In upstream oil and gas, Brexit would not change the most important things – taxation, licensing and regulation. The UK, not Brussels, already has sovereignty over these areas.
It might, though, create some minor practical problems for oil and gas operators. It would, for instance, make freedom of movement between the UK and other EU countries slightly more difficult for Europeans – a logistical consideration for companies with internationally mobile workforces. Unless new trade agreements with the EU and other countries were negotiated quickly and smoothly, it might disrupt trade flows. And it would mean assimilating some new regulations in areas such as working practices.
All of that would add to the workload of legal and logistics departments, but hardly seems likely to faze oil companies. They are used to much more hostile and volatile political environments than Britain outside the EU. In any case, they have much more worrying problems to deal with, like surviving the punishing downturn in oil prices.
Still, Brexit does represent a degree of uncertainty, which affects the perceived stability of the investment environment. Both Shell and BP have expressed a preference for the UK to stay in the EU. “We want to know as accurately as possible what investment conditions will look like 10 or 20 years from now,” says Ben van Beurden, Shell’s boss. Staying in amounts to greater certainty, he argues.
If Brexit itself isn’t likely to change much in the UK oil industry, though, its indirect consequences might. For example, a vote for Brexit would probably trigger another Scottish referendum on independence because most Scottish voters want to stay in the EU. A vote to break up the UK would mean upheaval for the UK North Sea: Scotland and England would need to divvy up the Continental Shelf, agree on who would pay what for the basin’s extensive decommissioning needs and decide how the industry should be regulated in future.
Another indirect effect of Brexit on the UK oil industry might come from a sustained fall in the value of sterling, which would almost certainly ensue, as investors abandoned UK assets.
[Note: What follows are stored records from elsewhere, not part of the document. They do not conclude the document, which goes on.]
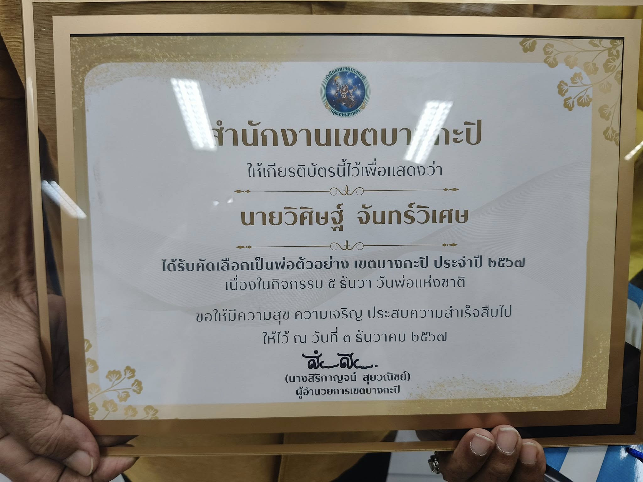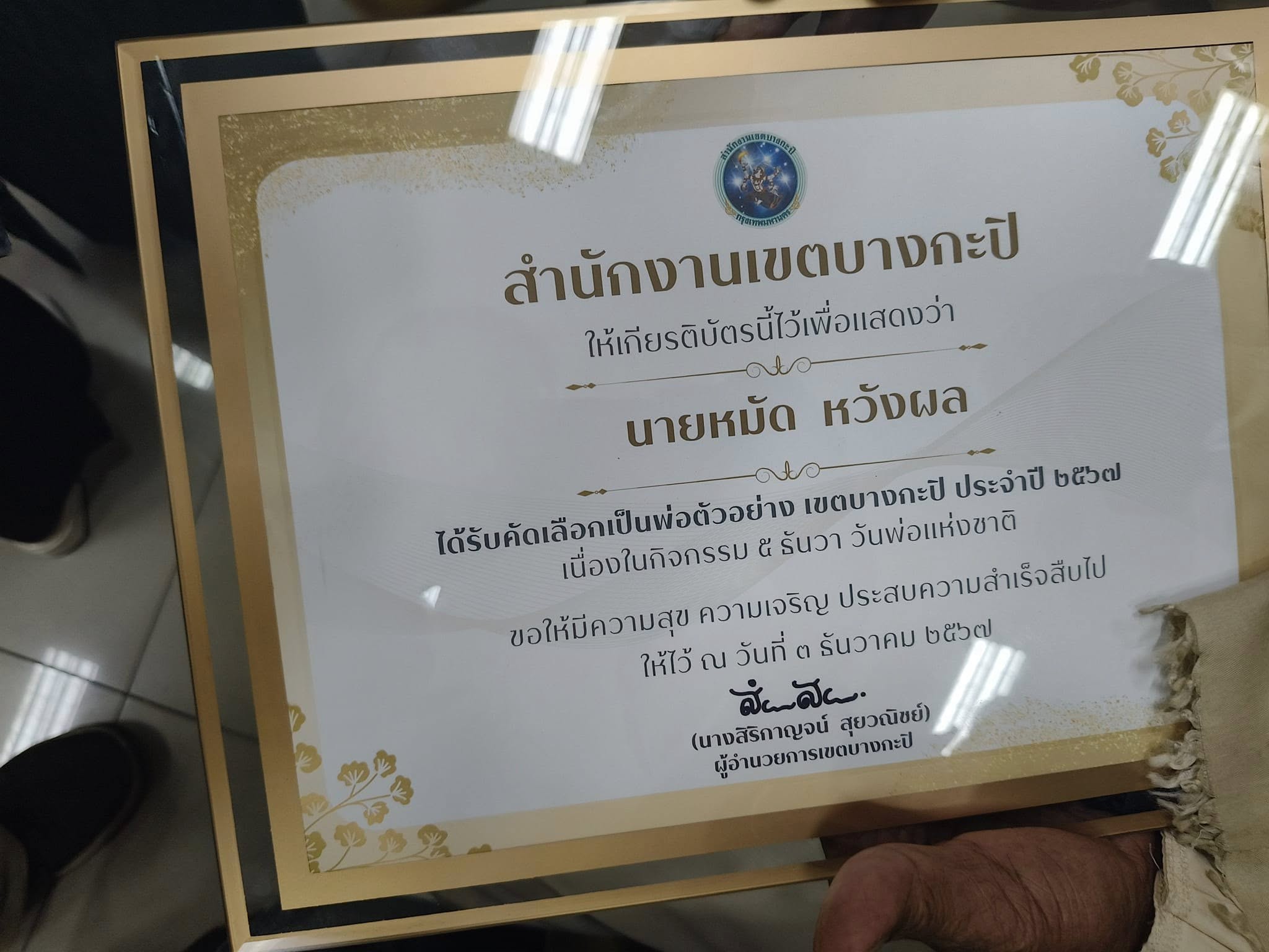 ร่วมแสดงความยินดี กับ ผู้เข้ารับรางวัลพ่อดีเด่นประจำปี ของสำนักเขตบางกะปิ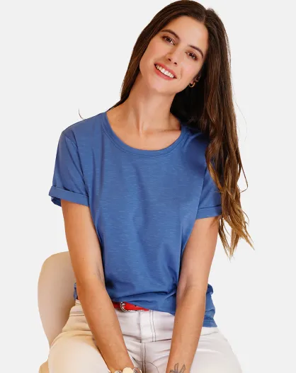 Francine Marine Rundhals-T-Shirt aus Leinenmischung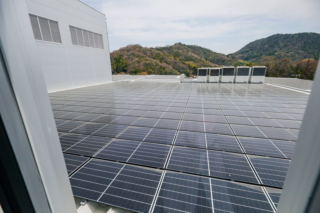 ここから見えるのは、ずらりと一面配置されたソーラーパネルです。その数なんと、3270枚!環境にも、しっかり配慮されています。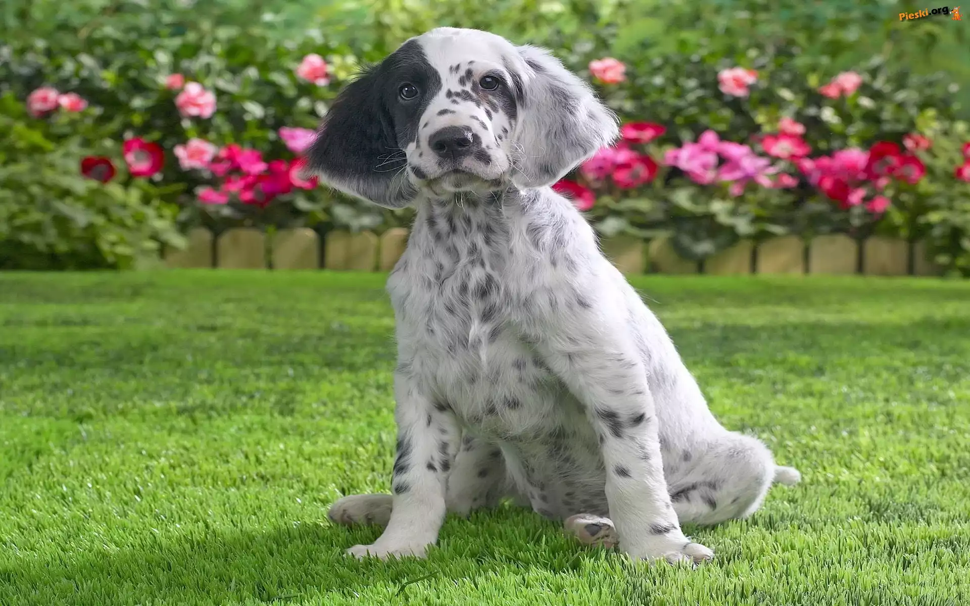 Trawa, Pointer, Łatka, Kwiaty, Pieski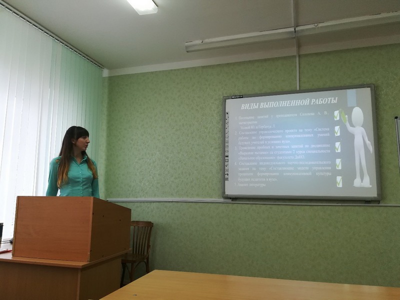 Больше всего мне понравилось проводить занятия со студентами, а именно взаимодействовать с ними, обсуждая вопросы, возникающие на протяжении занятий. Однако не могу сказать, что работать над остальными заданиями мне было тяжело. Нет! Я с удовольствием работала над ними, так как хотелось придумать что-то такое, что можно будет использовать в дальнейшем не только мне, но и другим. Например, предложенные мною приемы в научно-исследовательском задании можно использовать при проведении занятий по различным дисциплинам, так как они направлены на формирование коммуникативных умений студентов».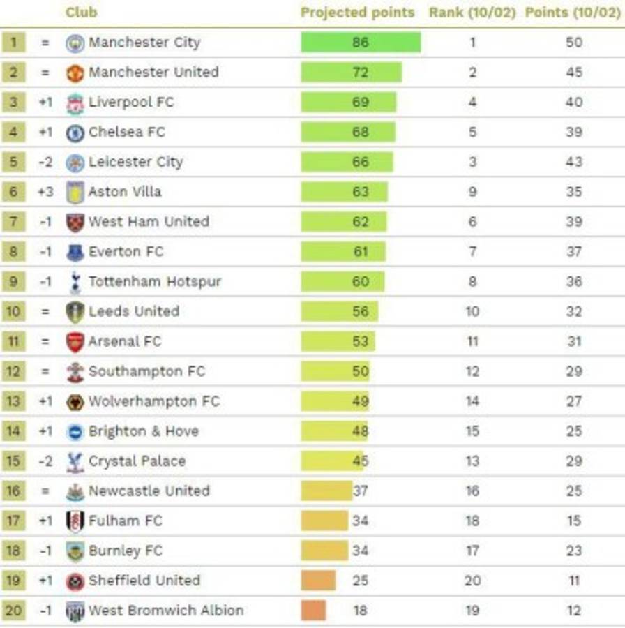9 / 12En la Premier League de Inglaterra ganaría el que se espera: Manchester City. Y además lo haría sobrado, con 14 puntos de ventaja sobre el segundo, el Manchester United. -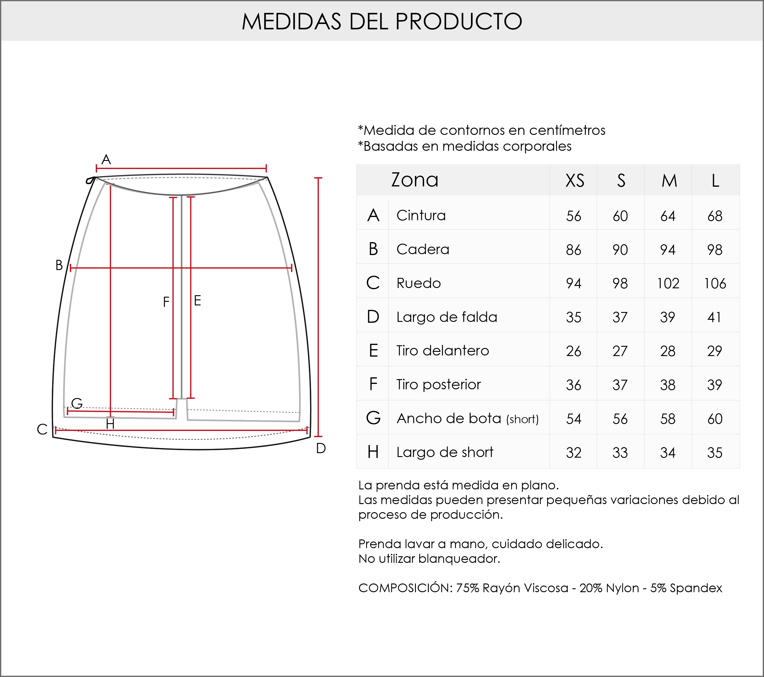 Composición: 75% Rayón Viscosa - 20% Nylon - 5% Spandex
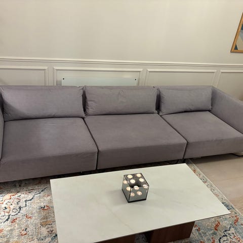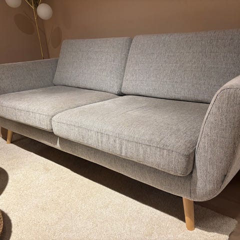 Sofaen er brukt, men i god stand, og vi håper den kan bli brukt i mange flere år. Vi selger den da vi skal omrokkere og kjøpe en litt mindre sofa.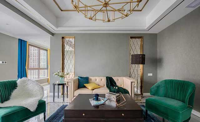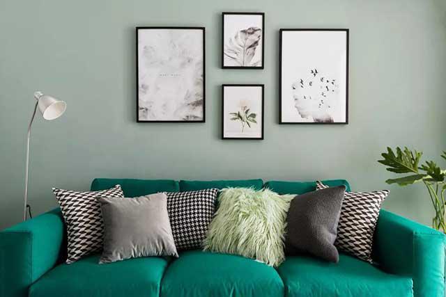 使用墨绿色做沙发,是一个很好的选择,墨绿有另外的一种美,还自带复古韵味。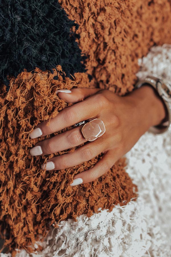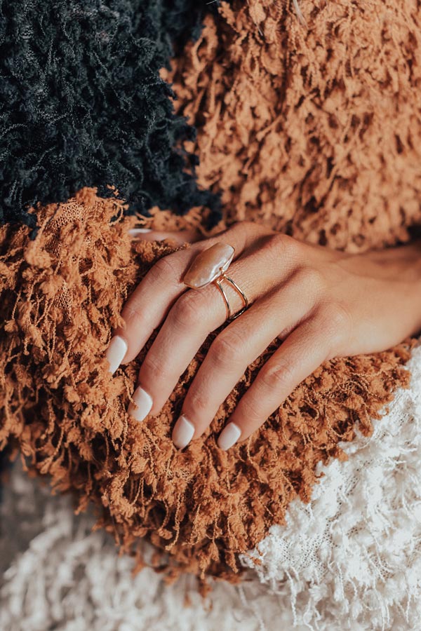 Add a glamorous flare to your OOTD by accessorizing with our "Malibu Bliss" statement ring featuring a large semi precious blush colored stone set on two dainty gold bands!

For consumers, a weaker pound would make buying oil priced in dollars slightly more expensive (although, in the light of the recent fall in oil prices and the market’s familiarity with commodity-price volatility, that hardly seems too worrisome). For operators, a weaker pound might actually trim operating costs; yet any foreign-exchange relief would be marginal – and insufficient to tempt big upstream investors back to the North Sea’s ageing, high-cost fields. The government might also seek to raise more revenue by putting up North Sea taxes, if prolonged sterling weakness were to result in a major deterioration of the country’s fiscal position.
If those outcomes seem intangible now, the gas and power markets, and alternative-energy companies, might feel the impact of Brexit more directly and more keenly. Gas and electricity connections between the UK and continental Europe – developed in parallel with the EU’s attempts to open its energy markets to competition – have enhanced market liquidity, lowered prices and reinforced the UK’s energy-supply security. As one of the driving forces behind the EU’s liberalisation process, the UK would wish to keep these arrangements, and their considerable benefits, and maintain its cooperation with with the EU’s internal energy market. But it would find itself doing so from a position of relative weakness, with greatly diminished influence on EU energy policy and regulation – if any at all.
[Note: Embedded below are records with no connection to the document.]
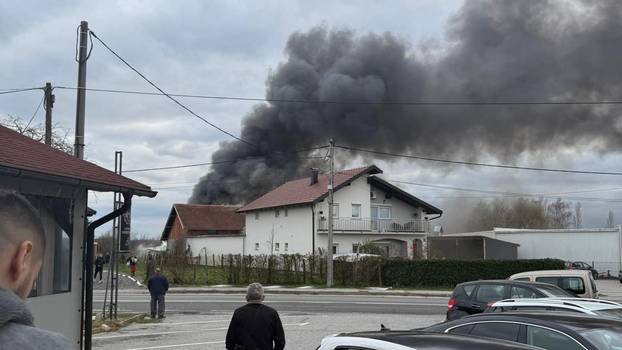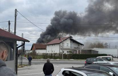 Područje je prekrio gusti crni dim, širi se smrad spaljenog materijala, situacija nije nikako ugodna za sve koji se nalaze u blizini zapaljene hale.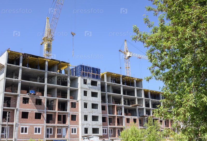 Башенные краны и недостроенные здания на фоне голубого неба с белыми облаками. Жилищное строительство, многоквартирные дома в городе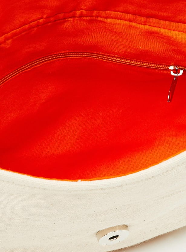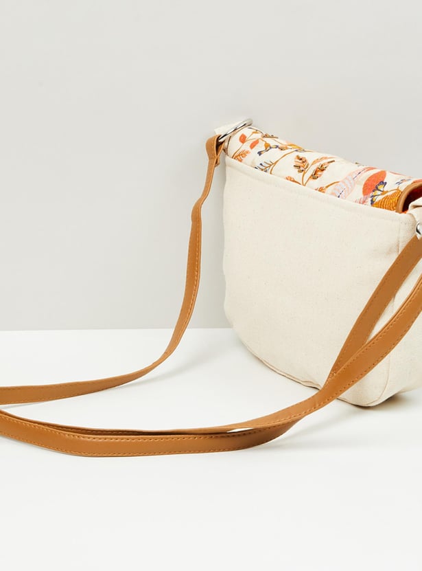 Women Embroidered Snap-Button Closure Sling Bag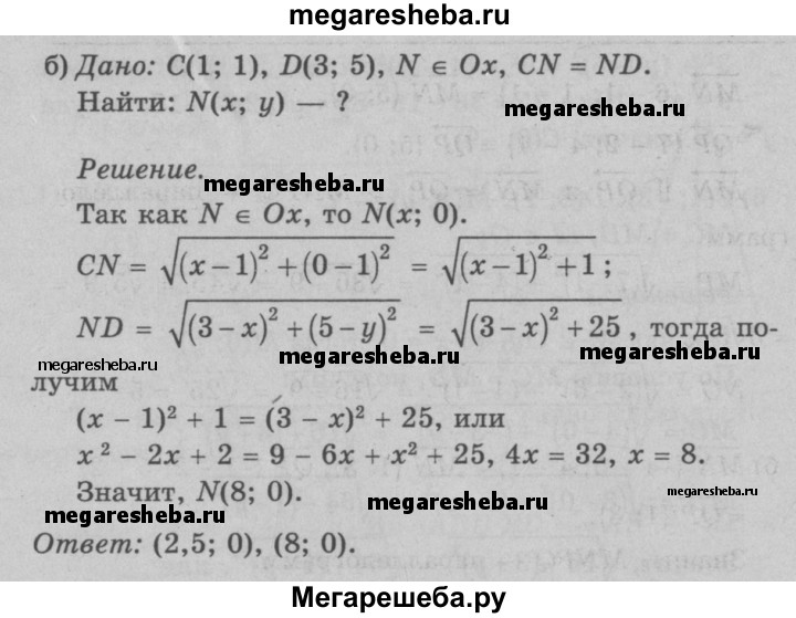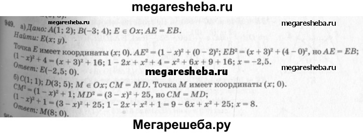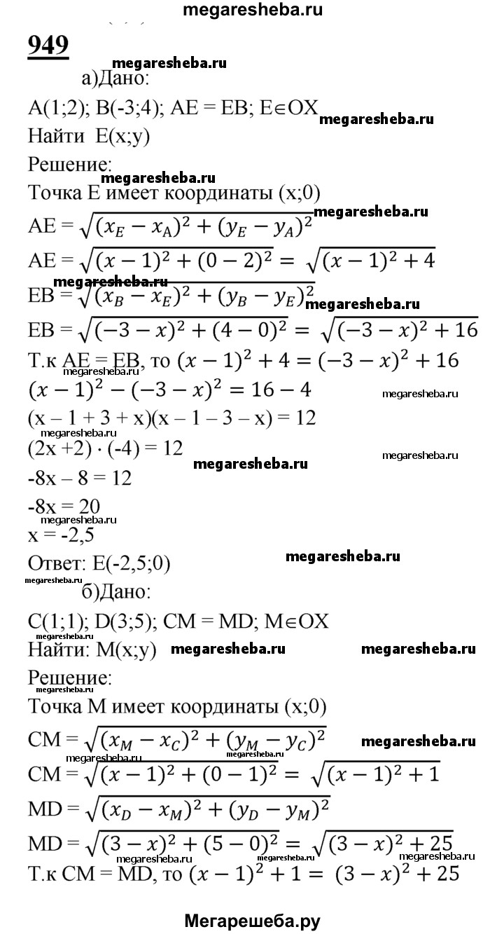 949 На оси абсцисс найдите точку, равноудалённую от точек: а) А (1; 2) и В (-3; 4); б) С (1; 1) и D (3; 5).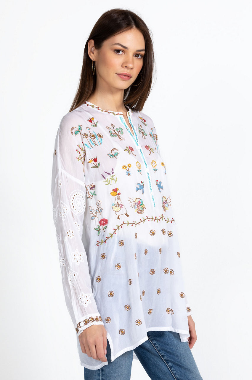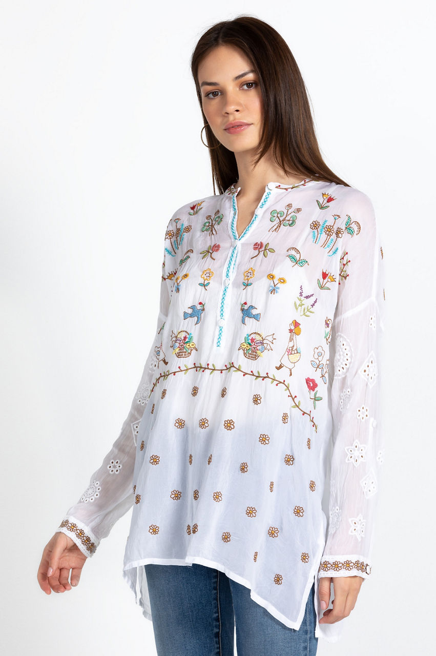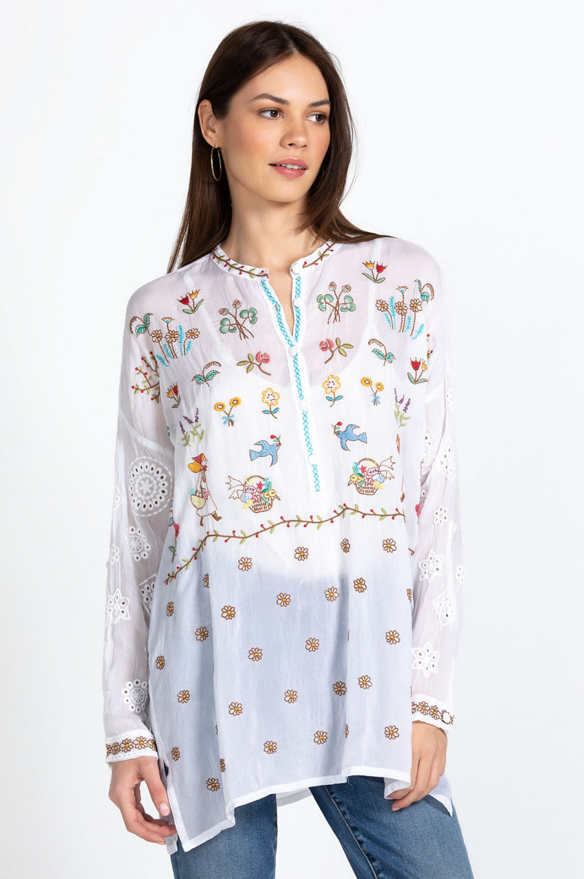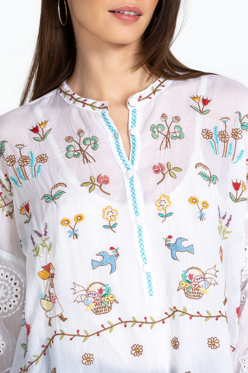 Flower-dotted and joyful, the Sami Tunic brings to mind summer memories and sun-filled lazy afternoons. Spun from smooth rayon with eyelet detailing at the sleeves, this blouse features a round neck, a front button fastening, long sleeves, and a placement embroidery consisting of lively, vibrant florals. Style with a skirt on your next vacation or pair with pants for a stylish wear-anywhere look.

Brexit would have implications for environmental policy too. Although the UK’s climate-change goals are defined under its own 1998 Climate Change Act, a non-EU UK would need to disentangle its emissions-reduction commitments from the EU target established under the UN. And the UK would have to decide whether or not to continue to participate in the EU Emissions Trading Scheme.
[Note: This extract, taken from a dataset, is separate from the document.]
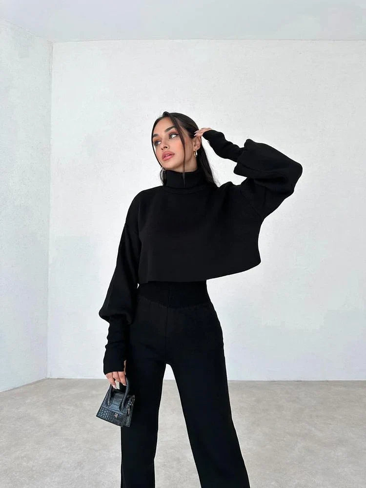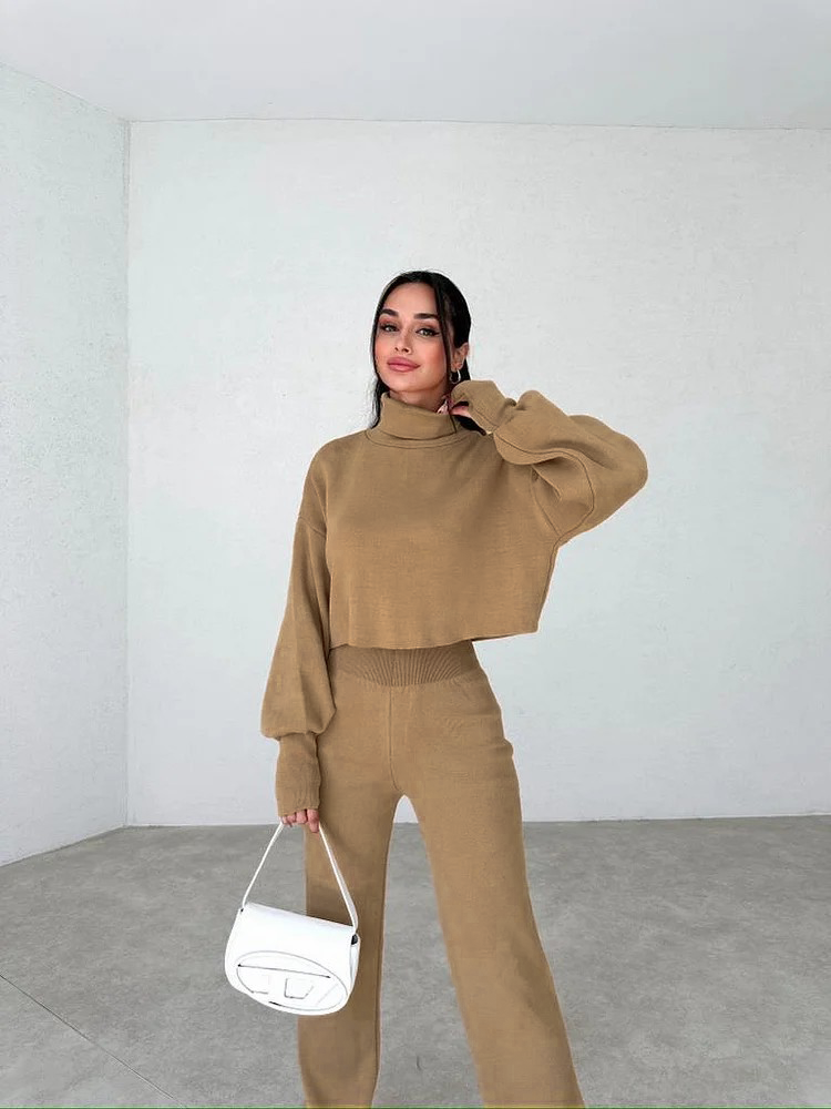 Gemütliches Set aus Strickhandschuhen mit Rollkragen

The method of achieving climate-change goals could change too. Depending on the terms of Brexit – whether or not the country remains part of the European Economic Area and the European Free Trade Association – the UK could be released from its targets for developing renewable energy under the EU Renewable Energy Directive. That could be advantageous if the UK can find cheaper ways of cutting emissions than building more offshore wind plants – such as greater switching from coal to gas or building more nuclear power stations.